Что «во-вторых», я не знаю.
Инсульт был не тяжелый. Молчала и лежала свекровь не долго. Моя злость не успела уступить место жалости. Я с ненавистью мыла ей задницу, полы и варила бульоны.
Возвратилась к нормальной жизни она со словами:
— Видишь, как хорошо, что у тебя был выкидыш!
Ему еще в юности, кажется, цыганка-дура нагадала большую любовь. Он посмеялся и забыл. Был счастливо женат, бездетен. Для него, выросшего среди многочисленных сестер и братьев, это скорее было удачей, чем разочарованием. Во всяком случае, проблема наследника его беспокоила мало. А для жены его эта легкость была и наказанием, и наградой. Она хотела детей страстно. Но он в эту страсть не вникал.

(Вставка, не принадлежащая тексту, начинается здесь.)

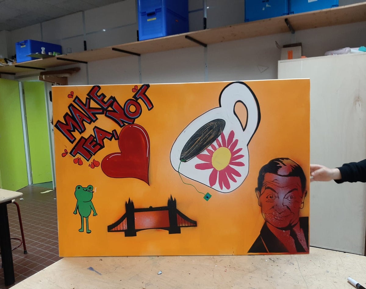 - De groep overlegt hoe het thema eruit gaat zien en met acrylstiften schrijf je dit op
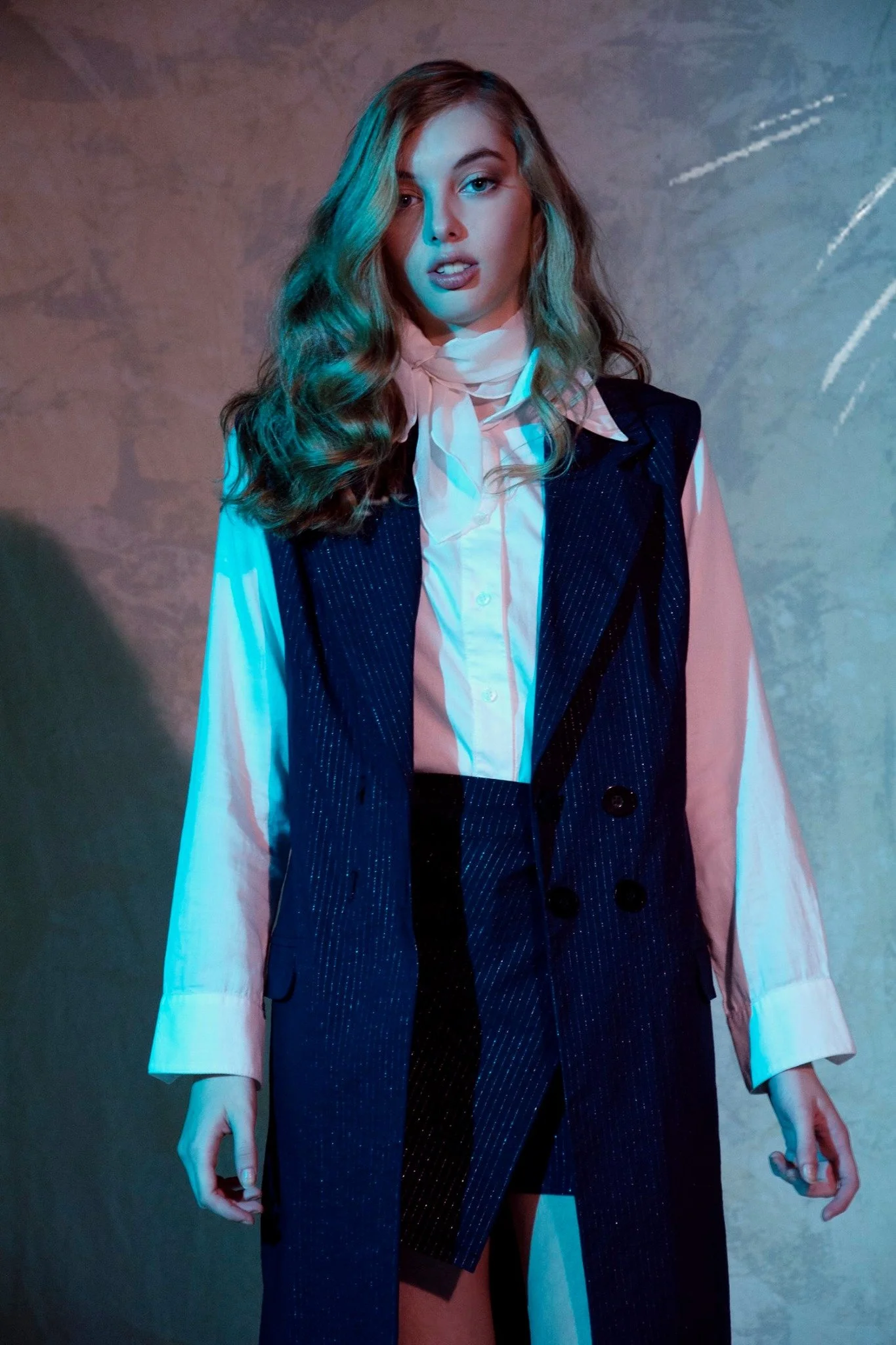 Mujer con cabello rizado y vestuario formal, con fondo neutro y efectos de iluminación azul y cálida.
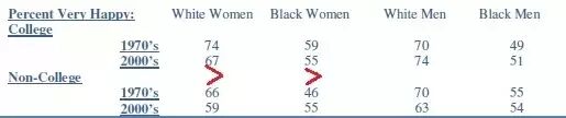 70 年代上过大学的黑人女性认同婚姻幸福的比例也高出未上过大学的黑人女性 13 个百分点。

Он вообще не вникал в страсти.
Почти сорок счастливых лет он пытался делать свое дело. Вкладывал в него все, что мог. Был резок, вспыльчив, плохо сходился с властью. Однажды плюнул на все — уехал. Но за границей его не отпустило.
Напротив. Здесь открылись возможности, о которых он раньше не думал. Появились люди, деньги. Многое оказалось если не легким, то вероятным. Он верил в себя. Он видел себя только в деле. Вопросы времени и ресурсов уже не были такими острыми. У него получалось.
Меньше, чем говорили коллеги, но больше, чем он мог рассчитывать.
Нервный и жаждущий результата сейчас и немедленно, он был ленив и спокоен со своей женой. Она быстро старела, но у них у обоих хватало сил на снисходительность и крепкую дружбу. Возможно, жена хотела чего-то большего. Но у него не было: ни для нее, ни для кого-то другого.
А потом появилась эта женщина. И всё в этом явлении было — все, что он считал верхом пошлости: Париж, кафе в квартале Монпарнас, ее духи, ее сумка, ее сбивчивый рассказ о муже, о его бизнесе и детях, которых у нее, кажется, было пятеро.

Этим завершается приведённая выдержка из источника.